Und schlagartig hatte ich eine Idee, wie ich mich von so unkomischen Gedanken wie dem Älterwerden ablenken könnte.
"Du Mausi, was hältst du denn davon, dass Du jetzt da mal teilnimmst? Einfach so. Ist ne gute Schule und macht echt Spaß." Dass so ein Wahlenparcours für mich eine angenehme Zerstreuung sein könnte, sagte ich nicht.
Tochterkind lachte. Hatte sie doch gerade angefangen zu studieren und sah sich damit wie alle Erstsemester völlig ausgelastet. Sie brachte meine Schärpe zurück in den Erinnerungskarton im Keller und verzog sich kichernd in ihr Zimmer. Kurz danach kam sie wieder runter und machte mir einen Vorschlag, der meine Altersverschreckte Perspektive völlig verschob.

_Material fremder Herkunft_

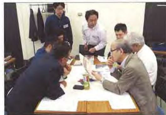
設計系のグループ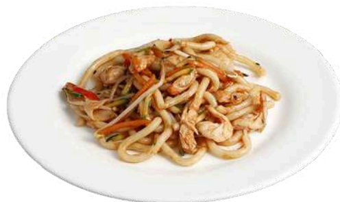
P5 Yaki udon fish spaghetti nama udon di grano con pesce misto e verdure (1) (4)

"Die Wahl gibt es übrigens auch noch für Senioren." - Hatte sie da wirklich Senioren gesagt? War es schon so weit? - "Also es gibt da die Wahl zur Miss 50 plus Germany. Ist der selbe Veranstalter. Wär doch was für dich oder?"
Ich zuckte mit den Schultern. War das was für mich? Ich recherchierte im Internet. Tatsächlich. Miss 50 plus. Veranstaltet von der Miss Germany Corporation Oldenburg. Genau wie meine Miss Wahl damals. Zwischen einer halbleeren Tasse Kaffee und vor einem randvollen Glas Prosecco reifte die Idee. Nicht vor dem Unausweichlichen ausweichen, sondern es feiern.
"Hurra, ich werde 50!"
Nach einem weiteren Glas Prosecco konnte ich das schon beinahe laut sagen. Und es brauchte auch kein drittes mehr, bis ich das Formular ausgefüllt und die Bilder verschickt hatte.
Ja! Party statt Panik.
Am 9. September war es dann soweit. Über Nacht verlor ich die Vier. Aber ansonsten verlor ich nix. Das Happy Birthday-Gesinge klang genau so schräg wie in den Jahren zuvor und keiner nahm Maß oder pflanzte eine Eiche, um mir in unferner Zukunft eine Holzkiste zu bauen. Alles war lässig und schon kurz danach erfolgte eine Einladung mit dem Casting für die Top 20 der Miss 50 plus Germany Wahl. Dann würde es jeder wissen. Tolle Frauen waren bei dem Casting. Alle Ü 50 und keine saß weinend in der Ecke oder schnippelte an ihrem Ausweis herum. Ein paar Wochen später traf man sich dann erneut. Wer hier dran teilnimmt, darf kein Problem damit haben, dass andere einen jünger schätzen. Ü50 heißt Ü50. Da wird nix mehr verschönert oder runtergerechnet. Und schon in der Nacht zum 26. November wusste ich, dass ich alles richtig gemacht hatte. Statt zu heulen oder irgendwelche Zahlen von meinem Alter abzuziehen, habe ich es laut herausgebrüllt.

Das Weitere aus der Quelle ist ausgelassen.